The Wellbore DDMS bulk data API supports both Parquet and JSON formats. In order to target one of this format the 'Content-Type' must be set accordingly in the headers of the HTTP POST request. Wellbore DDMS API supports HTTP chunked encoding as well.
First of all let's generate a Pandas.Dataframe through the code below with 2 columns and 5 rows.
generated_dataframe = generate_df(['COLUMN_MD', 'COLUMN_X'], range(5))
generated_dataframe| COLUMN_MD | COLUMN_X | |
|---|---|---|
| 0 | 986 | 712 |
| 1 | 311 | 348 |
| 2 | -27 | 339 |
| 3 | 230 | 191 |
| 4 | 162 | 740 |
Sending the whole dataframe to the WellLog bulk data.
data_to_send_parquet = generated_dataframe.to_parquet(path=None, engine="pyarrow")
headers = { 'content-type': 'application/x-parquet'}
print_response(client.post(f'{welllog_dms_url}/{record_id}/data', data=data_to_send_parquet, headers=headers))With the JSON format the orient parameter has to be set accordingly to the Pandas.Dataframe orientation. This orient value can be passed through the params argument of the HTTP POST request. Supported orient values are split and columns. The default orient value is set to split.
Here are examples of the same Pandas.Dataframe (5 rows and 2 columns) with different orientation:
split: {"columns":["COLUMN_MD","COLUMN_X"],"index":[0,1,2,3,4],"data":[[0.0,1001],[0.5,1002],[1.0,1003],[1.5,1004],[2.0,1005]]}
columns: {"COLUMN_MD":{"0":0.0,"1":0.5,"2":1.0,"3":1.5,"4":2.0},"COLUMN_X":{"0":1001,"1":1002,"2":1003,"3":1004,"4":1005}}
data_to_send_json = {
'index': [0, 1, 2, 3, 4],
'columns': ['COLUMN_MD', 'COLUMN_X'],
'data': [[265, 845], [92, 246], [804, 268], [645, 877], [-20, -28]]
}
params = {'orient':'split'}
print_response(client.post(f'{welllog_dms_url}/{record_id}/data', params=params, json=data_to_send_json))In order to write WellLog bulk data by chunks to the Wellbore DDMS you have to follow those 3 steps:
- Create a WellLog session - POST /ddms/v3/welllogs/{record_id}/sessions
- Send data by chunk in the session - POST /ddms/v3/welllogs/{record_id}/sessions/{session_id}/data
- Commit the session once all chunks are sent - PATCH /ddms/v3/welllogs/{welllog_id}/sessions/{session_id}
In step 3 you can also update the session or abandon. This is controlled by the state attribute that is passed in the JSON of the PATCH HTTP session API.
{ "state": "commit", "abandon" or "update" }
A session can be created with two different modes:
- update: existing data in previous WellLog version is merged with the data sent during the session when the session is committed.

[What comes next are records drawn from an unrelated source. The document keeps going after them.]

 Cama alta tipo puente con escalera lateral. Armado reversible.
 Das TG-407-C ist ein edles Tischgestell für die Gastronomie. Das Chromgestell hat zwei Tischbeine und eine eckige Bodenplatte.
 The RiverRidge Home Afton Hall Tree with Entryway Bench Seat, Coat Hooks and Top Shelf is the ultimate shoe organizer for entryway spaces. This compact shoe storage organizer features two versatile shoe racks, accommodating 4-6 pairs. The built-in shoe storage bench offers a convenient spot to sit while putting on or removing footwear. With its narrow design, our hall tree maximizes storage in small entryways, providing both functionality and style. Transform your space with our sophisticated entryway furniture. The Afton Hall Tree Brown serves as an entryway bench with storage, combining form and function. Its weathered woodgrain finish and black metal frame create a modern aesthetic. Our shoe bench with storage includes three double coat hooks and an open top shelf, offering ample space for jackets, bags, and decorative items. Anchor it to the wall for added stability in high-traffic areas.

- overwrite: existing data in previous WellLog version is ignored, the final result only contains data sent during the session when the session is committed. In this case the only way to retrieve the previous data is querying the previous WellLog version.
SESSION_MODE = 'update' # 'update' | 'overwrite'In the sample script below the WellLog data is ingested by chunk of row data. In the same session it is possible to liberate WellLog data with both JSON and Parquet formats as shown below:
# Create a session
create_session_response = client.post(f'{welllog_dms_url}/{record_id}/sessions', json={'mode': SESSION_MODE})

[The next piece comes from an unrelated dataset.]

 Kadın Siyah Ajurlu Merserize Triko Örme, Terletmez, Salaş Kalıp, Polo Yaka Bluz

print_response(create_session_response)
session_data = create_session_response.json()
session_id = session_data['id']
print(f"Session created: {session_data['state']} with id {session_id}\n")

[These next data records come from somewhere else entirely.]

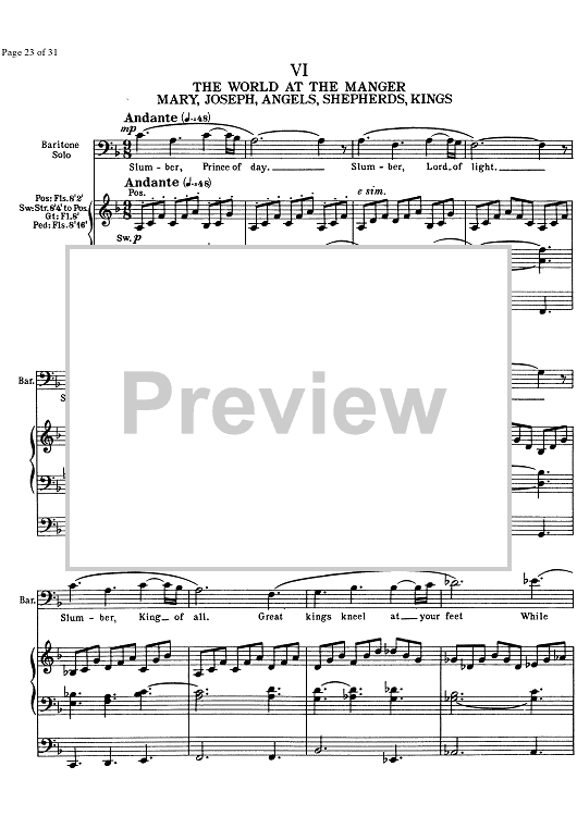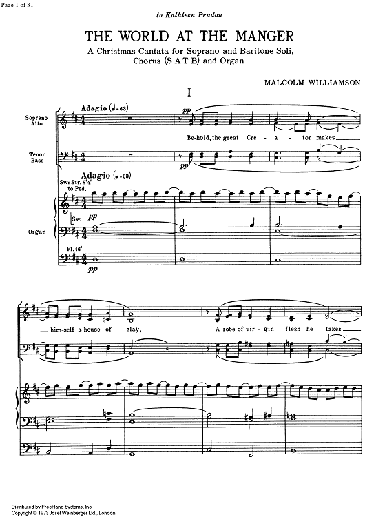 Digital Sheet Music for The World at the Manger by , Malcolm Williamson scored for Soprano/Baritone/Choir/Organ; id:336101
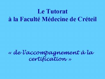 Title: Le Tutorat la Facult Mdecine de Crteil
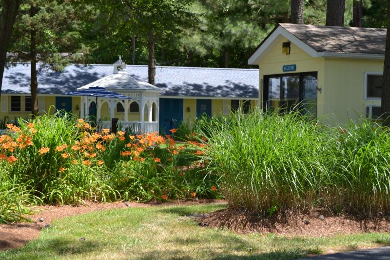 Previously a little known motel under a different name and ownership, Meris Gardens is now a quaint bed and breakfast in a delightfully peaceful wooded setting with only a 15 minute walk to the beach, or to all of the shops and restaurants along the main drag.
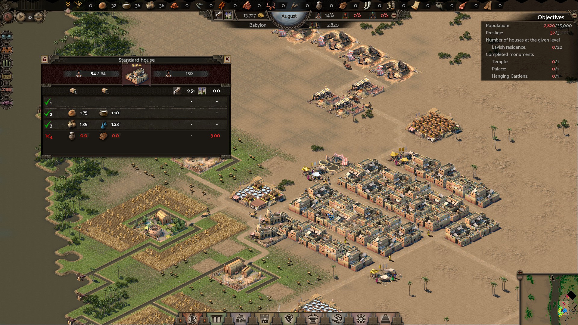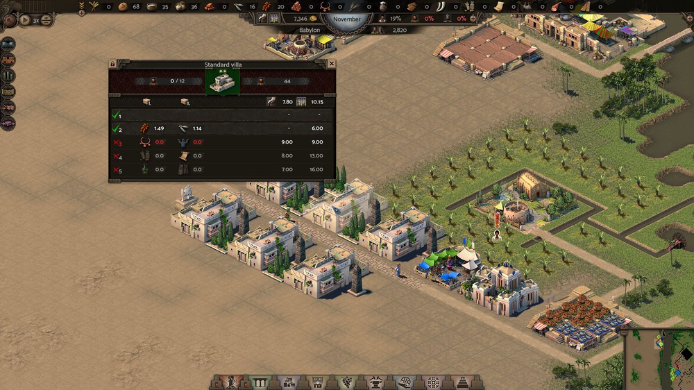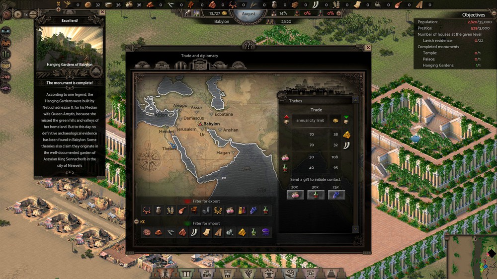 Стоит так же понимать, что, если торговля в миссии доступна, значит, возможно, что-то придётся и покупать. Например, бронзу, без которой украшения для среднего сословия не сделать. На помощь придут влияющие на цены отношения с другими городами. Они растут по мере самой торговли и выполнения квестов на отправку ресурсов. Правда, провал таких задачек отношения понижает.

# append first chunk - JSON
chunk_1 = generate_df(['COLUMN_MD', 'COLUMN_X'], range(5,10))
response_chunk_1 = client.post(f'{welllog_dms_url}/{record_id}/sessions/{session_id}/data', json=chunk_1.to_dict(orient='split'))
print_response(response_chunk_1)
# append second chunk - JSON
chunk_2 = generate_df(['COLUMN_MD', 'COLUMN_X'], range(10,15))
response_chunk_2 = client.post(f'{welllog_dms_url}/{record_id}/sessions/{session_id}/data', json=chunk_2.to_dict(orient='split'))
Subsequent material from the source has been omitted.